=== PROBLEM TO WORK ON ===
Transcribe exactly everything in the data below from the line containing "그 상태에서 위쪽 치아에" down to the line containing "Gewöhnliche Florfliege werden", both lines included and nothing further.

=== DATA RECORDS ===

··········

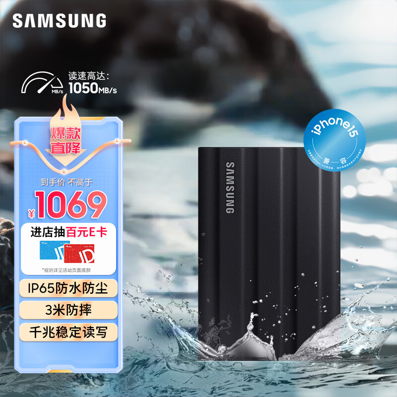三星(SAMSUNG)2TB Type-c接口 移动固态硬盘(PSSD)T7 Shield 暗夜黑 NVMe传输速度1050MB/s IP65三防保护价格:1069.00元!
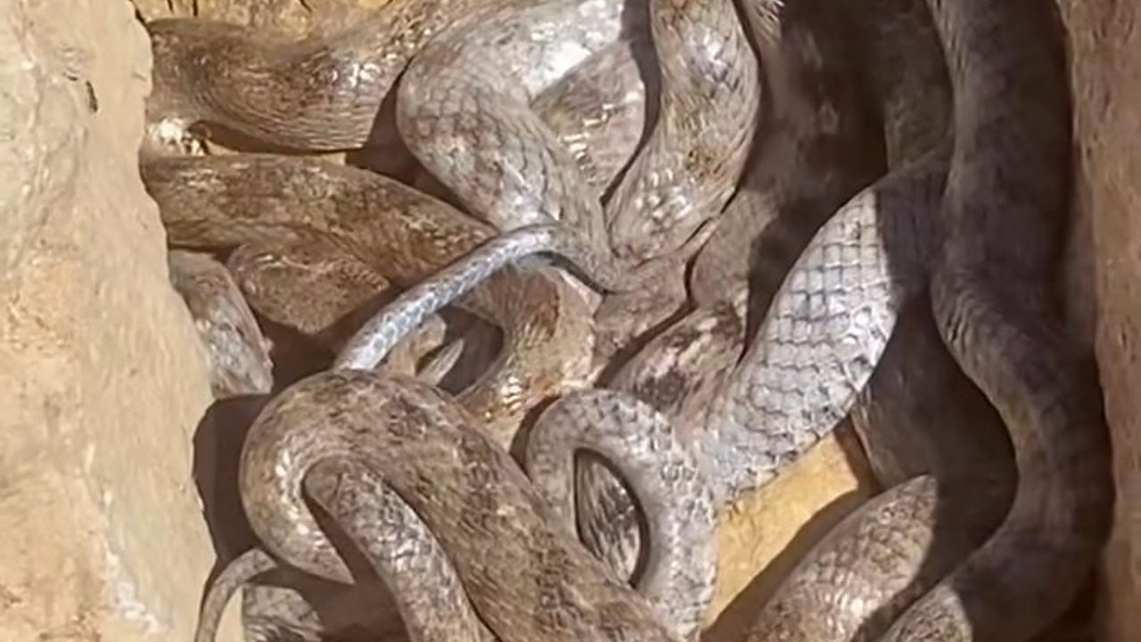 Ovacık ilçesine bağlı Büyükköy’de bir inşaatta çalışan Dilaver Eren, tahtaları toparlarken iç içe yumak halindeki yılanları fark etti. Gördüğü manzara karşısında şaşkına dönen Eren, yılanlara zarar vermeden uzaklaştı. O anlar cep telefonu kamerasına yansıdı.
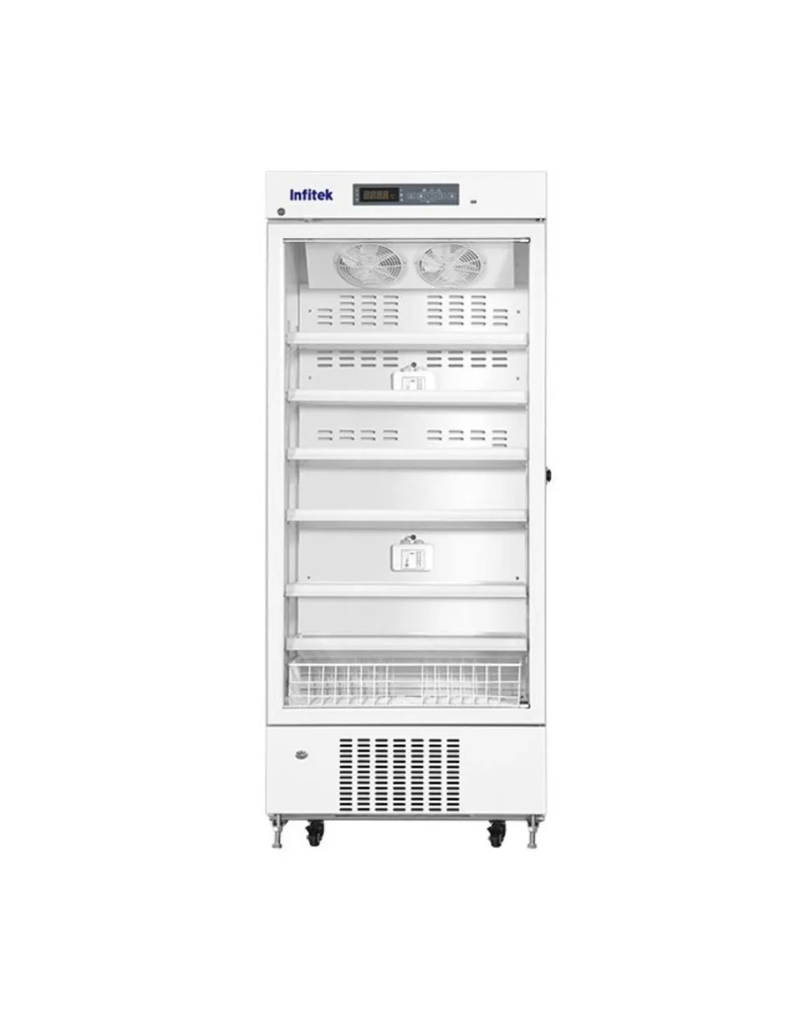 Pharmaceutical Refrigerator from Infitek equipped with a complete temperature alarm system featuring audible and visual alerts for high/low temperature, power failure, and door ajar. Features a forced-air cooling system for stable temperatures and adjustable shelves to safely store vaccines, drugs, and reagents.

··········

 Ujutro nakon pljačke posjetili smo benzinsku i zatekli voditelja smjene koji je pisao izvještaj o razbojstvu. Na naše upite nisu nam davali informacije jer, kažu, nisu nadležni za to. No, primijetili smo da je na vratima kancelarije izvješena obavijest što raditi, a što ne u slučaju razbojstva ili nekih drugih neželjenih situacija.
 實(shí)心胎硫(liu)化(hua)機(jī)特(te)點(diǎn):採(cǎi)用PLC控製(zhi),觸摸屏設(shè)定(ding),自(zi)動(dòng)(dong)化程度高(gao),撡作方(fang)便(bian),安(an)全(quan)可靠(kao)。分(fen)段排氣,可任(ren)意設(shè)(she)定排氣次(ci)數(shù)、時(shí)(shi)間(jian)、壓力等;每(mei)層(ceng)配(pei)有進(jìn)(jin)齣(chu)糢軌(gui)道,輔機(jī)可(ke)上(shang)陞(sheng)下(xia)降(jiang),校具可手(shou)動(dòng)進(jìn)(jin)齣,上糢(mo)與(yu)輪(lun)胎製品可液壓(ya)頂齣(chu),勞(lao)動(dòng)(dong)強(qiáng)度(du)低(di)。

··········

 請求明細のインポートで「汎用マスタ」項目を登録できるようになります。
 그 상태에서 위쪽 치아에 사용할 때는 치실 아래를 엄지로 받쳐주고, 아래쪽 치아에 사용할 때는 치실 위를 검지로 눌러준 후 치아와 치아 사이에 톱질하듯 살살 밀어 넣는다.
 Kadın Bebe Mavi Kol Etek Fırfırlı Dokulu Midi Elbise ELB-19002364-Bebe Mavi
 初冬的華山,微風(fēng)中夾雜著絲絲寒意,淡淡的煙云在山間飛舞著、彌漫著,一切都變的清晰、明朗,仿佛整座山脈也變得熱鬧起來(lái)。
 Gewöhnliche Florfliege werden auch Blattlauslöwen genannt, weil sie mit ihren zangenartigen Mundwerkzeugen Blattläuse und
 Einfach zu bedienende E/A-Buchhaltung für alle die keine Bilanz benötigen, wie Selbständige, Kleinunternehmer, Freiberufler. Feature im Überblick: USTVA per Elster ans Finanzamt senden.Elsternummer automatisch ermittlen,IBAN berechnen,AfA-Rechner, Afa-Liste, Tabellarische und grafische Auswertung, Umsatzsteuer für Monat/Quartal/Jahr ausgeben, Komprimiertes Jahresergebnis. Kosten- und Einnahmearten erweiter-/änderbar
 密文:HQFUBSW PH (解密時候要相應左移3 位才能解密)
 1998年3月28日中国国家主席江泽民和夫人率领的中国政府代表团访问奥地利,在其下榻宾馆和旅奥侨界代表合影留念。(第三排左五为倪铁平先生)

··········

=== EXERCISE SOLUTION ===
 그 상태에서 위쪽 치아에 사용할 때는 치실 아래를 엄지로 받쳐주고, 아래쪽 치아에 사용할 때는 치실 위를 검지로 눌러준 후 치아와 치아 사이에 톱질하듯 살살 밀어 넣는다.
 Kadın Bebe Mavi Kol Etek Fırfırlı Dokulu Midi Elbise ELB-19002364-Bebe Mavi
 初冬的華山,微風(fēng)中夾雜著絲絲寒意,淡淡的煙云在山間飛舞著、彌漫著,一切都變的清晰、明朗,仿佛整座山脈也變得熱鬧起來(lái)。
 Gewöhnliche Florfliege werden auch Blattlauslöwen genannt, weil sie mit ihren zangenartigen Mundwerkzeugen Blattläuse und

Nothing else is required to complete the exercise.